### Work request
When copying the listing below, skip every picture and repeat exactly the lines from the first one through the line that contains "- 大工舎の技術、完成した家の満足度は?大変満足".

### Given material
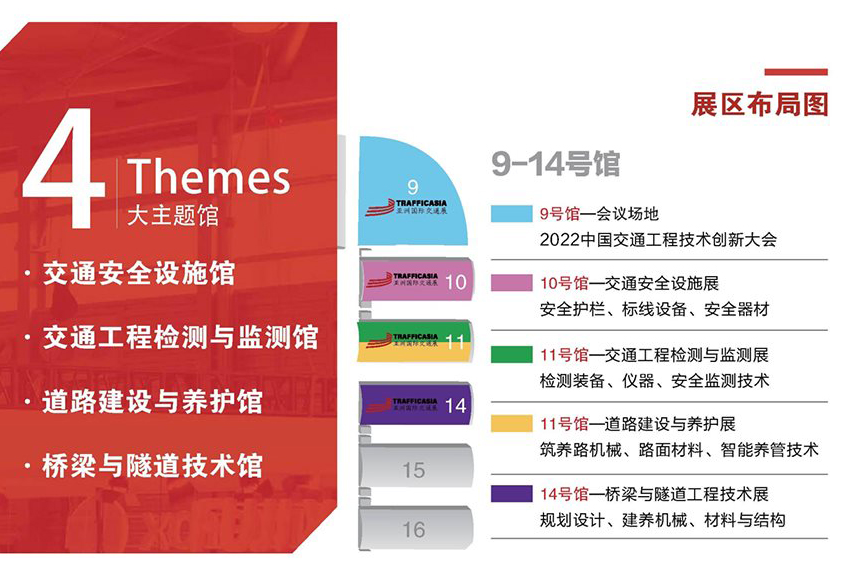 ▼ 行业龙头抢滩进驻,展示全球顶尖公路交通解决方案;▼ 专题专区专展,展品垂直细分,覆盖公路基础设施全产业链;▼ 45,000平方米面积,400+参展商,30000+专业观众;▼ Trafficasia全球优质买家数据库,助你拓展海内外市场;▼ 200+海内外媒体保驾护航,买家数量&高品质保证;◆ 路桥隧重大工程建设成果;科研院所创新成果;设计规划勘察单位、建设施工单位的优秀成果等。◆ 智慧公路解决方案、智慧基础设施、运行监测系统、信息服务系统、智慧路产管理系统、智慧交通管控系统、智慧交通安全设施、应急处置系统、公路管养系统、智慧辅助决策系统;公路路网数字化、感知设备、智能化设施、运行状态监控、视频监控、路面病害监测、气象监测及预警、重点营运车辆安全管控、车道级主动管控、可变标志控制、行车安全诱导、超限车辆管控、交通行政执法,智能消冰除雪、应急指挥调度、伴随式信息服务、智慧服务区、智慧照明、云控中心、车路协同等技术与解决方案;◆ 高速公路、国省干线、城镇道路等新技术、新材料、新工艺、新设备;道路建养技术;道路建养机械与装备;沥青材料;智能养护管理系统;道路建养材料;路基建设/维修设备;路容路貌养护设备;道路检测设备;基础设施管理系统;公路规划和设计系统等。◆ 桥隧建养技术;建养机械装备;桥梁施工设施;桥梁安全防护设备;桥梁构件与附属设施;桥梁维修、桥梁改造加固设备;桥梁材料与设施;桥梁抗震缓冲装置;隧道施工机械及配套设备;盾构及配套;非开挖设备及配套;隧道建筑及特种材料;照明与供电技术与产品;通风设备;通信技术与设备;地下消防设备;桥隧智慧监测系统;BIM及设计类软件;规划设计;建筑设计软件;咨询机构等。◆ 桥梁、隧道、边坡结构安全监测预警系统;监测传感设备;数据采集设备;数据传输设备;智能管理系统等;◆ 路桥隧智能检测设备;道路综合检测车;多功能测试仪;无损检测技术设备;路面摩擦系数车;激光道路平整度测试仪;路面层间试验仪;地质超前预报系统;锚杆质量检测仪;远距离裂缝观测仪;动态应变采集设备;激光隧道断面检测仪;主体结构及病害检测设备;环境检测设备;预应力检测仪;回弹仪;地质雷达;爆破振动仪;红外探水仪;裂缝检测仪、裂缝测宽仪;非金属超声波仪;桥梁挠度检测仪;钢筋保护层测定仪;灌浆密实度测检测仪;便携式智能检测仪;道路标线逆反射系数检测仪;标线测厚仪;突起路标测量仪;建设材料试验及检测设备、试验室检测设备、材料检测和测试仪器等;◆ 公路护栏、市政护栏、河道护栏、桥梁护栏、护栏配件;交通标志;视线诱导设施、防撞诱导系统;声屏障、隔离栅、防抛网;防眩设施、防眩板;减速带;防撞垫、交通锥、安全路障;交通安全服;反光材料;路面划线机械、道路标线清除设备;升降路桩;车位锁;标线涂料助剂、标线涂料、道路反光玻璃微珠、树脂、PE蜡;环氧地坪;施工设备;交通信号灯;生产制造装备;原材料、新材料;应急设备等交通安全产品。
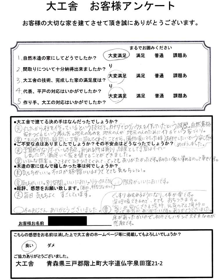 - 大工舎の技術、完成した家の満足度は?大変満足
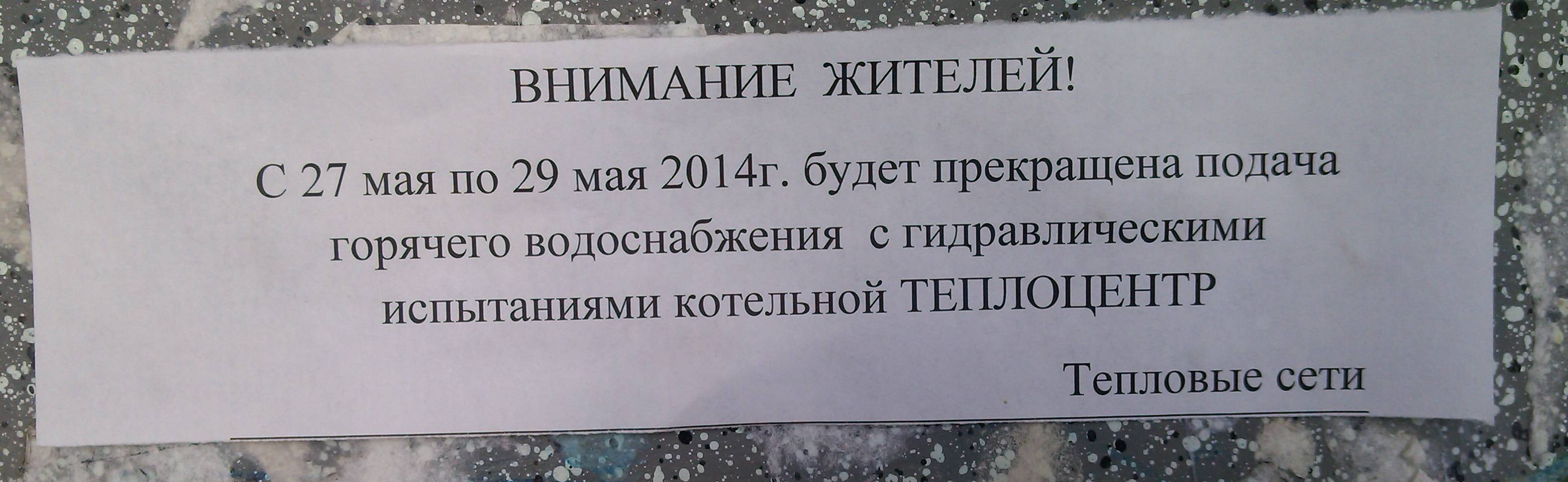 Второй раз за последние две недели отключили с утра горячую воду и к обеду повесили на подъезд объявление: "ВНИМАНИЕ ЖИТЕЛЕЙ! С 27 мая по 29 мая 2014г. будет прекращена подача горячего водоснабжения с гидравлическими испытаниями котельной ТЕПЛОЦЕНТР Тепловые сети" Спешили видно сильно, раз слова пропустили Что такое они испытывают?

### Response to the task
 ▼ 行业龙头抢滩进驻,展示全球顶尖公路交通解决方案;▼ 专题专区专展,展品垂直细分,覆盖公路基础设施全产业链;▼ 45,000平方米面积,400+参展商,30000+专业观众;▼ Trafficasia全球优质买家数据库,助你拓展海内外市场;▼ 200+海内外媒体保驾护航,买家数量&高品质保证;◆ 路桥隧重大工程建设成果;科研院所创新成果;设计规划勘察单位、建设施工单位的优秀成果等。◆ 智慧公路解决方案、智慧基础设施、运行监测系统、信息服务系统、智慧路产管理系统、智慧交通管控系统、智慧交通安全设施、应急处置系统、公路管养系统、智慧辅助决策系统;公路路网数字化、感知设备、智能化设施、运行状态监控、视频监控、路面病害监测、气象监测及预警、重点营运车辆安全管控、车道级主动管控、可变标志控制、行车安全诱导、超限车辆管控、交通行政执法,智能消冰除雪、应急指挥调度、伴随式信息服务、智慧服务区、智慧照明、云控中心、车路协同等技术与解决方案;◆ 高速公路、国省干线、城镇道路等新技术、新材料、新工艺、新设备;道路建养技术;道路建养机械与装备;沥青材料;智能养护管理系统;道路建养材料;路基建设/维修设备;路容路貌养护设备;道路检测设备;基础设施管理系统;公路规划和设计系统等。◆ 桥隧建养技术;建养机械装备;桥梁施工设施;桥梁安全防护设备;桥梁构件与附属设施;桥梁维修、桥梁改造加固设备;桥梁材料与设施;桥梁抗震缓冲装置;隧道施工机械及配套设备;盾构及配套;非开挖设备及配套;隧道建筑及特种材料;照明与供电技术与产品;通风设备;通信技术与设备;地下消防设备;桥隧智慧监测系统;BIM及设计类软件;规划设计;建筑设计软件;咨询机构等。◆ 桥梁、隧道、边坡结构安全监测预警系统;监测传感设备;数据采集设备;数据传输设备;智能管理系统等;◆ 路桥隧智能检测设备;道路综合检测车;多功能测试仪;无损检测技术设备;路面摩擦系数车;激光道路平整度测试仪;路面层间试验仪;地质超前预报系统;锚杆质量检测仪;远距离裂缝观测仪;动态应变采集设备;激光隧道断面检测仪;主体结构及病害检测设备;环境检测设备;预应力检测仪;回弹仪;地质雷达;爆破振动仪;红外探水仪;裂缝检测仪、裂缝测宽仪;非金属超声波仪;桥梁挠度检测仪;钢筋保护层测定仪;灌浆密实度测检测仪;便携式智能检测仪;道路标线逆反射系数检测仪;标线测厚仪;突起路标测量仪;建设材料试验及检测设备、试验室检测设备、材料检测和测试仪器等;◆ 公路护栏、市政护栏、河道护栏、桥梁护栏、护栏配件;交通标志;视线诱导设施、防撞诱导系统;声屏障、隔离栅、防抛网;防眩设施、防眩板;减速带;防撞垫、交通锥、安全路障;交通安全服;反光材料;路面划线机械、道路标线清除设备;升降路桩;车位锁;标线涂料助剂、标线涂料、道路反光玻璃微珠、树脂、PE蜡;环氧地坪;施工设备;交通信号灯;生产制造装备;原材料、新材料;应急设备等交通安全产品。
 - 大工舎の技術、完成した家の満足度は?大変満足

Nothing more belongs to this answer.